Very short commercial break later: Seems I remember some correctly, but they're bringing up something new to me: Supposedly, he had bad eyesight. Goes over his physical oddities point to Keratakonis or something like that which can include blindness. More stuff with another condition with his hands called Marpan syndrome or something. Given that they're going by idealized depictions of him, I'd be wary of drawing conclusions. They move onto the idea of checking relatives for genetic signs. Seems they're going to look at his grandchildren through Tut.

Commercial. Apparently Saturn's doing that employee discount thing. Unicycle guy again. And my signal's getting choppy. Apparently there were some troubles when the DVR was recording.

Black, green, static, green, black with commercial clips, blocky stuff... Normal with a few blocks. Flicker... Lingering at abnormal but watchable. Just in time for the show to get back.

Seven month fetus. Mention of all the inbreeding that makes this plausible for me. Yeah, the fetuses are small. Get over it, Josh. Pointed chin and long fingers apparently point to the condition as well. They're getting X-rays. Dramabomb panning over the Xray. Guy says he can't confirm or dismiss the condition. So, Akhenaten needs the sun to see with his nearsighted eyes. Not much of a connection from my view. Signal gets broken up, making his closing ramble hard to follow. Did get some feeling of apologia from how he doesn't bring up how shaky that connection is. About the only thing I can think to infer from this is that Akhenaten was a bad ruler and genetically messed up.

So, the woo was fairly shallow, rather than deeply crazy woo like Noah's Ark. I'll post this anyway, since it involves a nasty bit of fundamentalism over vaporous deities. It just happens to involve a dead religion.


King of Ferrets said...

For Spore space battles, it's got some pretty simple strategies; in straightforward dogfights, just fly in a circle. Lots. And use the missiles. For chasing pirates who are running away, use the laser and just follow them. For city destruction, either stay high and fly while dropping lots of bombs for things in the civilization stage if they have turrets, stay low and next to the city hall if they don't. Kill space colonies with flybys so that their missile turrets don't hit you.

Flit said...

'the most successful species to walk the Earth.'

To quote The Winnie Coopers, I guess it depends how you measure success.
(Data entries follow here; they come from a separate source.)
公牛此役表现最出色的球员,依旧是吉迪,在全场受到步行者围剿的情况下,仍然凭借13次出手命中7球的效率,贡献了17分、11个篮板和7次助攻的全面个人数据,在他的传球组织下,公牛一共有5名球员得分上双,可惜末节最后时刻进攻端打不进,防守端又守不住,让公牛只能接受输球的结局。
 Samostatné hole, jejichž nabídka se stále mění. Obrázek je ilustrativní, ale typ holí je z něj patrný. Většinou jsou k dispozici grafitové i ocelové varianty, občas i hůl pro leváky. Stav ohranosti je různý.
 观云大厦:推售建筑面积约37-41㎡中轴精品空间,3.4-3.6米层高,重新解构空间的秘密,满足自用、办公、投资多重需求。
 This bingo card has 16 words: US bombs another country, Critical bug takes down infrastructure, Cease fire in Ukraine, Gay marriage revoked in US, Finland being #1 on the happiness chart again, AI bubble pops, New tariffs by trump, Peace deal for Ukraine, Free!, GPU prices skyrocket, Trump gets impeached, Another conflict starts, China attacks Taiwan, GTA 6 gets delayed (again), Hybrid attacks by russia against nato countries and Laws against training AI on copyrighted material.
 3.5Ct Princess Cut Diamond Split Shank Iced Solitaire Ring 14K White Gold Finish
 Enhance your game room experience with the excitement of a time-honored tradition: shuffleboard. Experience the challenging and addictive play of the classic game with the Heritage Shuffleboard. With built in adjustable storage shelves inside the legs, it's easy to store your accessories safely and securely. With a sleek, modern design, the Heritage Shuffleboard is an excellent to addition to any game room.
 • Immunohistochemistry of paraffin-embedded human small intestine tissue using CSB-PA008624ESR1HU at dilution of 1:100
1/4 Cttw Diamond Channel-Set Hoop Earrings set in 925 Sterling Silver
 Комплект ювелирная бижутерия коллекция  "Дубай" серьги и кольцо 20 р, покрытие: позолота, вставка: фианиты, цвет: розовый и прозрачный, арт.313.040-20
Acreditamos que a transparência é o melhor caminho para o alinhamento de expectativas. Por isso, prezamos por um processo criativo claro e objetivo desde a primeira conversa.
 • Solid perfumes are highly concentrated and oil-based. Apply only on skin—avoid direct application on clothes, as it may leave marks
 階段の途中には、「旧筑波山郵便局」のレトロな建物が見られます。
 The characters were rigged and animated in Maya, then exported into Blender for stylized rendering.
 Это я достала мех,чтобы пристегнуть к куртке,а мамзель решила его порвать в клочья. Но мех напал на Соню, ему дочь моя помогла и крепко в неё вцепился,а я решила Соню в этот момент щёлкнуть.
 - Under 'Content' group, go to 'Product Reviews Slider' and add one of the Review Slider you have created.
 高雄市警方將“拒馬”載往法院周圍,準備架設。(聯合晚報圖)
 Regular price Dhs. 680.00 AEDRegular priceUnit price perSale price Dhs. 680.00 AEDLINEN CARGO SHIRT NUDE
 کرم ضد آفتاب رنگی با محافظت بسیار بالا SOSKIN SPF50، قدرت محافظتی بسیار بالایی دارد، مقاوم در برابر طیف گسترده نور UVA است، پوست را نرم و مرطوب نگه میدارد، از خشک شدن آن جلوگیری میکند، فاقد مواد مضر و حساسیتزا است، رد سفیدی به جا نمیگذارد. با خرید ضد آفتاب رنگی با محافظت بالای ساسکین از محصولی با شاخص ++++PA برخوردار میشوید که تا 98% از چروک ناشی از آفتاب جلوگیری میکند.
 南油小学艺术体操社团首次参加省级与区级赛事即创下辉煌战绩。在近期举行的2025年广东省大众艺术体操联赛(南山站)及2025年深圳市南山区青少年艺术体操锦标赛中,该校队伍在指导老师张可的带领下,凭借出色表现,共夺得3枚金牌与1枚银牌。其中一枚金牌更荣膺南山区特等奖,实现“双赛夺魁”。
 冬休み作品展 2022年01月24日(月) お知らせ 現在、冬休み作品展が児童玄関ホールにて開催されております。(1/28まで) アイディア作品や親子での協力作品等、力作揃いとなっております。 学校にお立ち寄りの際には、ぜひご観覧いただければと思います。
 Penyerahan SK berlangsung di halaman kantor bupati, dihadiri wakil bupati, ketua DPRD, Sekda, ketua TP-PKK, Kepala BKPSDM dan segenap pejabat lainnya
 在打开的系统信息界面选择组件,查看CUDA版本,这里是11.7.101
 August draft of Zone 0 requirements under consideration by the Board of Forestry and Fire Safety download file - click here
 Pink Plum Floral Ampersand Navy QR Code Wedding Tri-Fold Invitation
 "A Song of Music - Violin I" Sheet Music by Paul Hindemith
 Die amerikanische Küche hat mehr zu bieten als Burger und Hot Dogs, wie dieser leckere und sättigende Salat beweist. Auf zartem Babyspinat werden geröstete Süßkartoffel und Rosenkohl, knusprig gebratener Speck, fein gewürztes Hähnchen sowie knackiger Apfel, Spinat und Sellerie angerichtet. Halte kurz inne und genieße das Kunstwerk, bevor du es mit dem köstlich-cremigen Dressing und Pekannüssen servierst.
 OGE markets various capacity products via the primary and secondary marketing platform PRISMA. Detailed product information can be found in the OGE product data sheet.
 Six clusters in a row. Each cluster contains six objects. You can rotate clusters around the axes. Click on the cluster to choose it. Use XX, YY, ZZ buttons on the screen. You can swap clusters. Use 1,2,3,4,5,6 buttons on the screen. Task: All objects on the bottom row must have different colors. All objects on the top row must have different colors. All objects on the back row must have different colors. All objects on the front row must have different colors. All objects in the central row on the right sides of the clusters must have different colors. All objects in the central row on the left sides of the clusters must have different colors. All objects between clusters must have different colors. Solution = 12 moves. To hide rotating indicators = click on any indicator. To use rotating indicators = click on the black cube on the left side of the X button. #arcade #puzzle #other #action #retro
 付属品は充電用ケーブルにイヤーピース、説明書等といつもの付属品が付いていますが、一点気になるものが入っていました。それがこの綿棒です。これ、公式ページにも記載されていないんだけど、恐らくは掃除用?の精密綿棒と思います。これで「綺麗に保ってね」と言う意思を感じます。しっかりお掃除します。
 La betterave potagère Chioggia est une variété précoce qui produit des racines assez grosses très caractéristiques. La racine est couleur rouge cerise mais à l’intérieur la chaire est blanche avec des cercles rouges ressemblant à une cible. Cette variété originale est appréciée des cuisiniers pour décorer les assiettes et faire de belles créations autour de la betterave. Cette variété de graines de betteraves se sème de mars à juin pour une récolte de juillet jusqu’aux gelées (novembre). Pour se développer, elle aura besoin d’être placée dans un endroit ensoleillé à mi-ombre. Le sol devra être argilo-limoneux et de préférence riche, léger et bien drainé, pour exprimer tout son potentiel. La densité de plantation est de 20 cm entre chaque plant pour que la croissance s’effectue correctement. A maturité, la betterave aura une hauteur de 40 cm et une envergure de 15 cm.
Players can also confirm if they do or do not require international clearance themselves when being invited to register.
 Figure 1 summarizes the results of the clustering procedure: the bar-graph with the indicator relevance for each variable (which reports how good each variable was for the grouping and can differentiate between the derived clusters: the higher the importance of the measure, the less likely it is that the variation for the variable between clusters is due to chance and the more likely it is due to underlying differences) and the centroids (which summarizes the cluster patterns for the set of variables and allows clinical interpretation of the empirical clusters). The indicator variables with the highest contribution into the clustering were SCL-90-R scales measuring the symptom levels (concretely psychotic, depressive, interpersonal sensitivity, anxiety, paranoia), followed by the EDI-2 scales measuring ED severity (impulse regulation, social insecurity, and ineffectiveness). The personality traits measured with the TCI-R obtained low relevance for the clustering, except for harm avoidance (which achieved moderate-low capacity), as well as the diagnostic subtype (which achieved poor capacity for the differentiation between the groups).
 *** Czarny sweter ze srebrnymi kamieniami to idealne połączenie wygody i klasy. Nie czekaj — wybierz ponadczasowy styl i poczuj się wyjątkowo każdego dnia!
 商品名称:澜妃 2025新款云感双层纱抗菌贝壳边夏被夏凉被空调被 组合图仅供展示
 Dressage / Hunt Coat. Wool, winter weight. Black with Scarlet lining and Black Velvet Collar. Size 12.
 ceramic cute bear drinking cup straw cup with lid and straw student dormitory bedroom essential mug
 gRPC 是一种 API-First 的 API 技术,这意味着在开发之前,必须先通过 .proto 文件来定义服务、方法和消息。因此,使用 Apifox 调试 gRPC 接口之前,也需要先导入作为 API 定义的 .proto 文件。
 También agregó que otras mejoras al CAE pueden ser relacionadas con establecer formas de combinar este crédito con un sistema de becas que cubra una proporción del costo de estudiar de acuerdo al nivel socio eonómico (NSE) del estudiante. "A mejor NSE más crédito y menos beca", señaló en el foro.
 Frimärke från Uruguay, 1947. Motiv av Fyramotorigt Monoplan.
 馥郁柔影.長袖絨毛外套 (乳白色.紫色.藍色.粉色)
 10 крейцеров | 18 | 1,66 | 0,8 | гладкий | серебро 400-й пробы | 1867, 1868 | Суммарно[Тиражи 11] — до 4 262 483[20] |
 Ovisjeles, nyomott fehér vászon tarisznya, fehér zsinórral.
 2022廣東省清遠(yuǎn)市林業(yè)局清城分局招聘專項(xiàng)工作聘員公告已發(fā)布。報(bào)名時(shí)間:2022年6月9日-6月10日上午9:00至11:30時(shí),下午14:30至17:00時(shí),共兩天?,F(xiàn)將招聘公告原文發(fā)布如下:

I'd give the 'most successful' title to an evolutionary line that is still extant.

Anonymous said...

Akhenaten's didn't worship Amon-Ra. He concentrated his religion around the Aten, the sun "disc"," while Ra was the chief god of the henotheistic system he was rebelling against. This was really just a way of concentrating power & diminishing the influence of the Ra priests, who had become politically powerful. Pure politics, not some religious epiphany. He screwed up the empire doing it.

On the dino mummy: I love how these shows point out the longevity and success of the dinosaurs as if they were ONE species that existed over all those hundreds of millions of years. None of the species that started the era finished it, and vice versa. BD's probably right about it being some species of ant that's the "most successful," although I don't feel like doing the research (How woo of me! ;-).